• Dataset excerpts
- - -
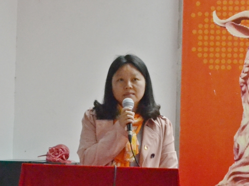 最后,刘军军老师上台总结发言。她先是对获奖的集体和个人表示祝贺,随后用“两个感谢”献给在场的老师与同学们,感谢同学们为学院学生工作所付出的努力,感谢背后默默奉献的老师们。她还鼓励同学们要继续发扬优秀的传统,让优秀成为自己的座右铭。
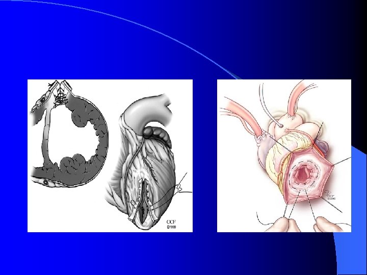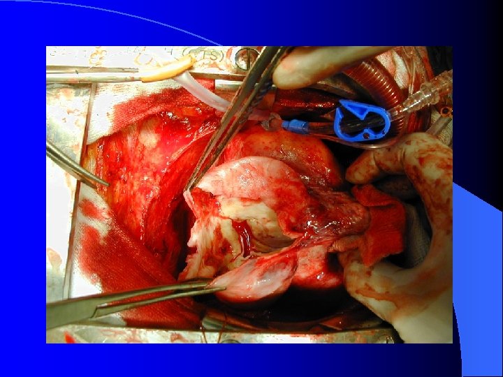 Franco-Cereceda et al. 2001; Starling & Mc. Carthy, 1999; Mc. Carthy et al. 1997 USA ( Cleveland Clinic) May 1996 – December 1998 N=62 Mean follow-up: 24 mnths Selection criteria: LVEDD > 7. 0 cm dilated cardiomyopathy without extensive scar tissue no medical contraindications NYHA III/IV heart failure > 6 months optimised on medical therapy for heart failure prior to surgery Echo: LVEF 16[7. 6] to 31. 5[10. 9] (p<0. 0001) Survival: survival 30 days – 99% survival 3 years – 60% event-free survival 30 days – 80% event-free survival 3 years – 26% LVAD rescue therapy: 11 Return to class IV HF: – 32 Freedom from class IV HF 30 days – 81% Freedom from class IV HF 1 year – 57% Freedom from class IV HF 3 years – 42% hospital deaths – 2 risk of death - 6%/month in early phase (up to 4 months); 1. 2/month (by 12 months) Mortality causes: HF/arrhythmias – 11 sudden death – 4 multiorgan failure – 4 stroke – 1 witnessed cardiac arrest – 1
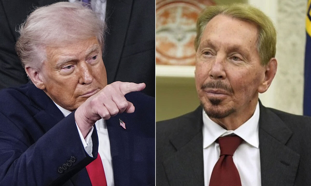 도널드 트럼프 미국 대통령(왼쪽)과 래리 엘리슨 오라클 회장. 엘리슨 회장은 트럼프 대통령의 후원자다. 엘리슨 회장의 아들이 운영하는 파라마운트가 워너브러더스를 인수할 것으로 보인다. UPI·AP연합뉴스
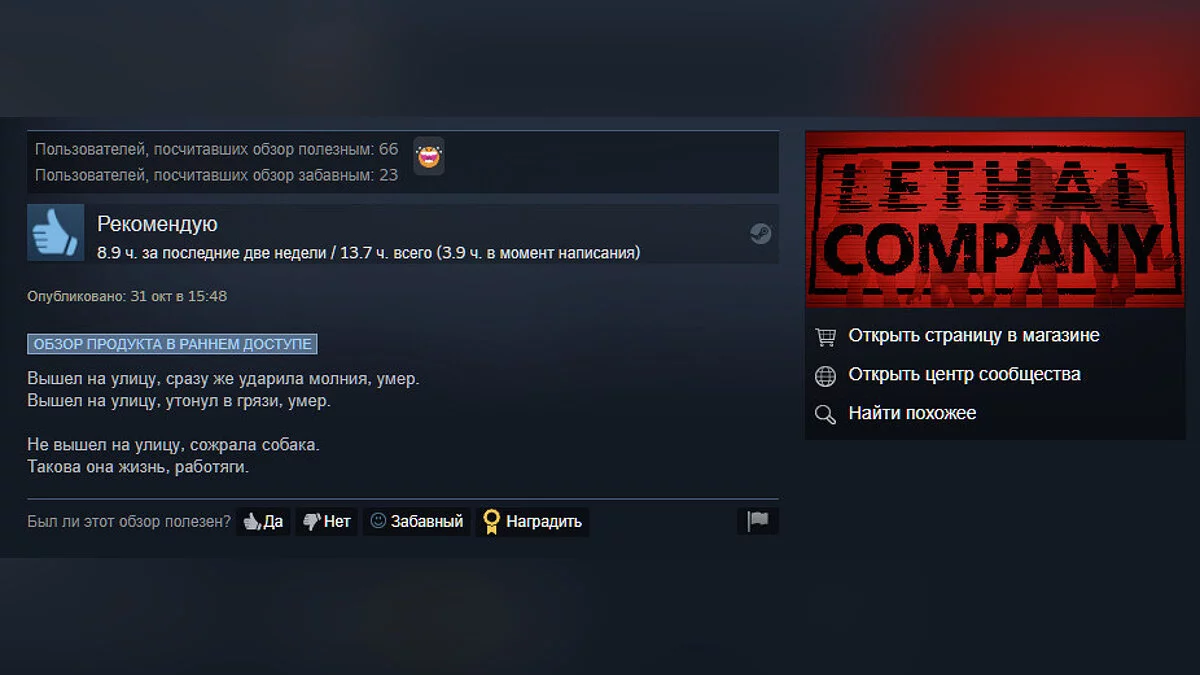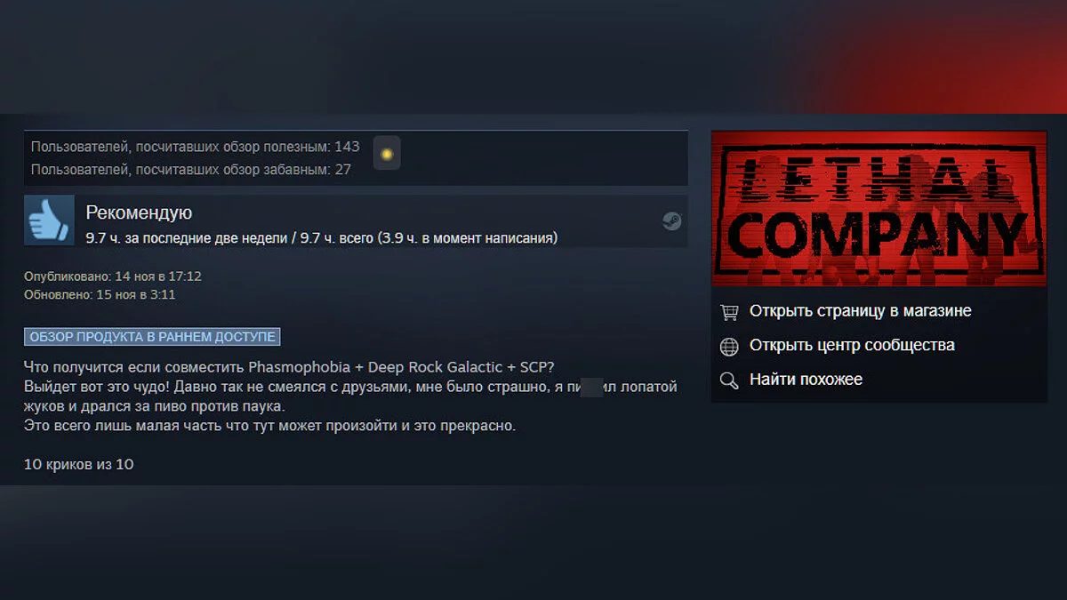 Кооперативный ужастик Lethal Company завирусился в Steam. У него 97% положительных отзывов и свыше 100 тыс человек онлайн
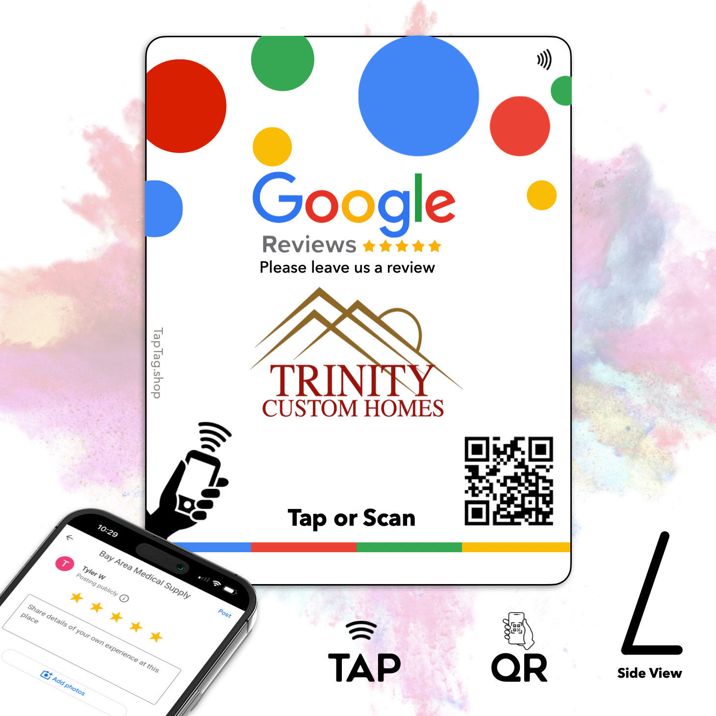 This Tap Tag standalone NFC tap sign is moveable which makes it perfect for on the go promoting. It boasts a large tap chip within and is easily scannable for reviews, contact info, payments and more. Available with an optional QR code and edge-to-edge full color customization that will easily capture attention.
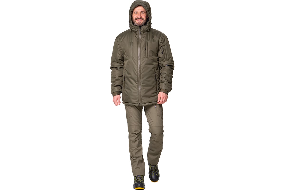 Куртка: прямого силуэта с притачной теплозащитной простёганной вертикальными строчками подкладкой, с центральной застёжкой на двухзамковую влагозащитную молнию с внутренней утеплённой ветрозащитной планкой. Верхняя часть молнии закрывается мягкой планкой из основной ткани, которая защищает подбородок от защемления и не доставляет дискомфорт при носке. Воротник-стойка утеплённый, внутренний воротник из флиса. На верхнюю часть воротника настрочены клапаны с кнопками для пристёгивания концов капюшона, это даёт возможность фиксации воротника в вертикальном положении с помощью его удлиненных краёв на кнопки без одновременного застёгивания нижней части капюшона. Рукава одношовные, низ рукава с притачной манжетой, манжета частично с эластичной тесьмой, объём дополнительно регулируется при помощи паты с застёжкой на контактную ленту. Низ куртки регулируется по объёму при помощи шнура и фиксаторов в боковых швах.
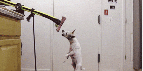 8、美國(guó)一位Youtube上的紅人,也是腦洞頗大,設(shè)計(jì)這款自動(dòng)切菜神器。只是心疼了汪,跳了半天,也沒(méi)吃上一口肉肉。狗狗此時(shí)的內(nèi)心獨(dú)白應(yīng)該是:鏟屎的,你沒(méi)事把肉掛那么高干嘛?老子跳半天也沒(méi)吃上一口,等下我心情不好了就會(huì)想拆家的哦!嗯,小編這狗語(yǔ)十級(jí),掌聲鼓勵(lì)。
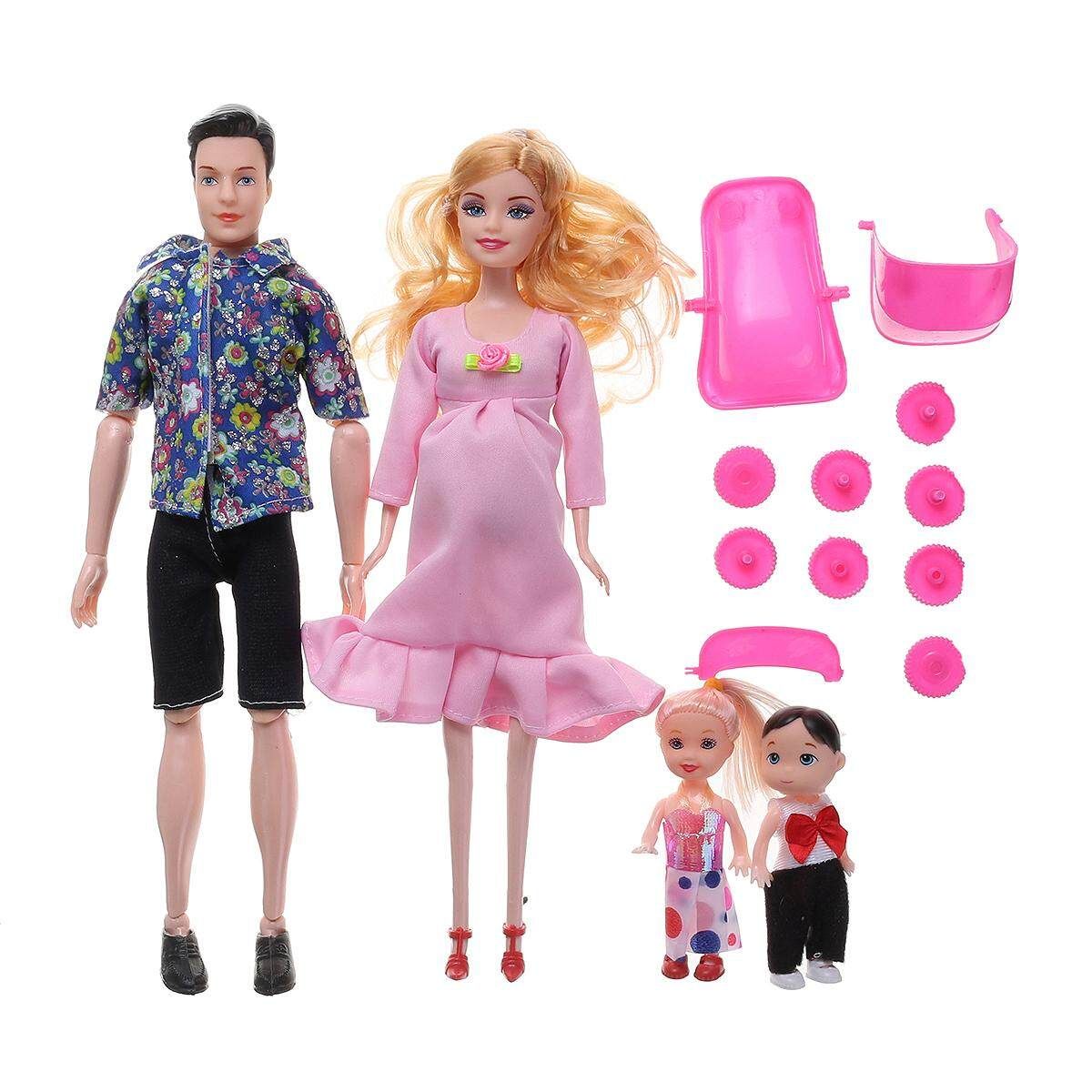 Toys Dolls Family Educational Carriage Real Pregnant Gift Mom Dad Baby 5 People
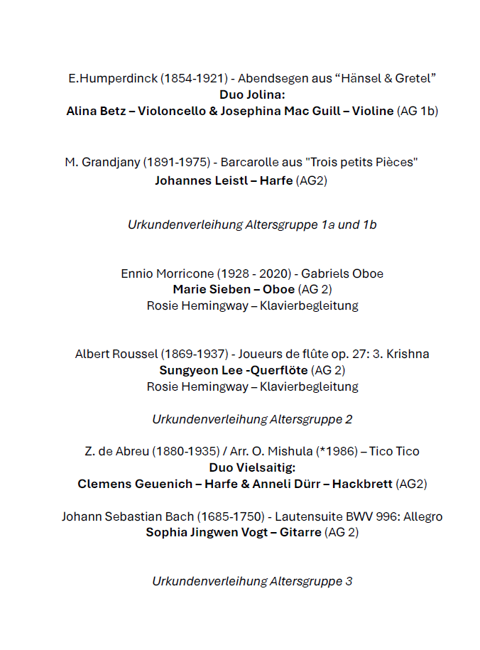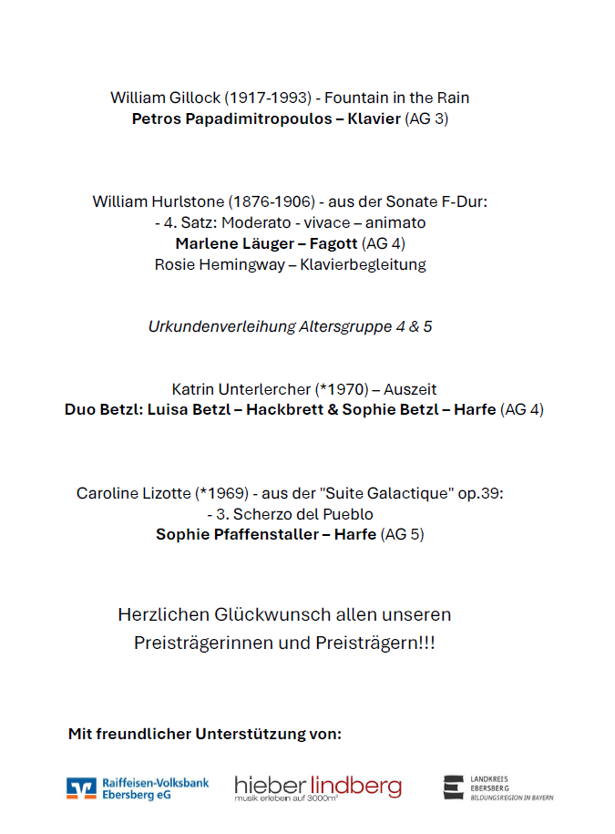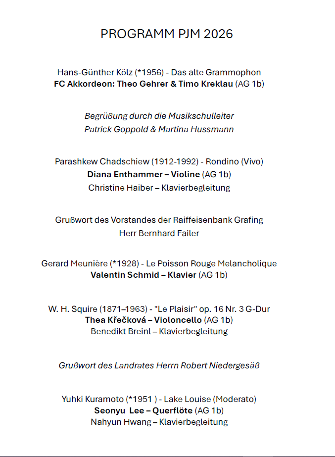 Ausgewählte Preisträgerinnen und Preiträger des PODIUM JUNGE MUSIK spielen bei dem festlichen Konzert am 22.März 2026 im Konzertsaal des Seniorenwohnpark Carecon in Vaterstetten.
- - -
Once the pictures are set aside, repeat the data above exactly as written.

 最后,刘军军老师上台总结发言。她先是对获奖的集体和个人表示祝贺,随后用“两个感谢”献给在场的老师与同学们,感谢同学们为学院学生工作所付出的努力,感谢背后默默奉献的老师们。她还鼓励同学们要继续发扬优秀的传统,让优秀成为自己的座右铭。
 Franco-Cereceda et al. 2001; Starling & Mc. Carthy, 1999; Mc. Carthy et al. 1997 USA ( Cleveland Clinic) May 1996 – December 1998 N=62 Mean follow-up: 24 mnths Selection criteria: LVEDD > 7. 0 cm dilated cardiomyopathy without extensive scar tissue no medical contraindications NYHA III/IV heart failure > 6 months optimised on medical therapy for heart failure prior to surgery Echo: LVEF 16[7. 6] to 31. 5[10. 9] (p<0. 0001) Survival: survival 30 days – 99% survival 3 years – 60% event-free survival 30 days – 80% event-free survival 3 years – 26% LVAD rescue therapy: 11 Return to class IV HF: – 32 Freedom from class IV HF 30 days – 81% Freedom from class IV HF 1 year – 57% Freedom from class IV HF 3 years – 42% hospital deaths – 2 risk of death - 6%/month in early phase (up to 4 months); 1. 2/month (by 12 months) Mortality causes: HF/arrhythmias – 11 sudden death – 4 multiorgan failure – 4 stroke – 1 witnessed cardiac arrest – 1
 도널드 트럼프 미국 대통령(왼쪽)과 래리 엘리슨 오라클 회장. 엘리슨 회장은 트럼프 대통령의 후원자다. 엘리슨 회장의 아들이 운영하는 파라마운트가 워너브러더스를 인수할 것으로 보인다. UPI·AP연합뉴스
 Кооперативный ужастик Lethal Company завирусился в Steam. У него 97% положительных отзывов и свыше 100 тыс человек онлайн
 This Tap Tag standalone NFC tap sign is moveable which makes it perfect for on the go promoting. It boasts a large tap chip within and is easily scannable for reviews, contact info, payments and more. Available with an optional QR code and edge-to-edge full color customization that will easily capture attention.
 Куртка: прямого силуэта с притачной теплозащитной простёганной вертикальными строчками подкладкой, с центральной застёжкой на двухзамковую влагозащитную молнию с внутренней утеплённой ветрозащитной планкой. Верхняя часть молнии закрывается мягкой планкой из основной ткани, которая защищает подбородок от защемления и не доставляет дискомфорт при носке. Воротник-стойка утеплённый, внутренний воротник из флиса. На верхнюю часть воротника настрочены клапаны с кнопками для пристёгивания концов капюшона, это даёт возможность фиксации воротника в вертикальном положении с помощью его удлиненных краёв на кнопки без одновременного застёгивания нижней части капюшона. Рукава одношовные, низ рукава с притачной манжетой, манжета частично с эластичной тесьмой, объём дополнительно регулируется при помощи паты с застёжкой на контактную ленту. Низ куртки регулируется по объёму при помощи шнура и фиксаторов в боковых швах.
 8、美國(guó)一位Youtube上的紅人,也是腦洞頗大,設(shè)計(jì)這款自動(dòng)切菜神器。只是心疼了汪,跳了半天,也沒(méi)吃上一口肉肉。狗狗此時(shí)的內(nèi)心獨(dú)白應(yīng)該是:鏟屎的,你沒(méi)事把肉掛那么高干嘛?老子跳半天也沒(méi)吃上一口,等下我心情不好了就會(huì)想拆家的哦!嗯,小編這狗語(yǔ)十級(jí),掌聲鼓勵(lì)。
 Toys Dolls Family Educational Carriage Real Pregnant Gift Mom Dad Baby 5 People
 Ausgewählte Preisträgerinnen und Preiträger des PODIUM JUNGE MUSIK spielen bei dem festlichen Konzert am 22.März 2026 im Konzertsaal des Seniorenwohnpark Carecon in Vaterstetten.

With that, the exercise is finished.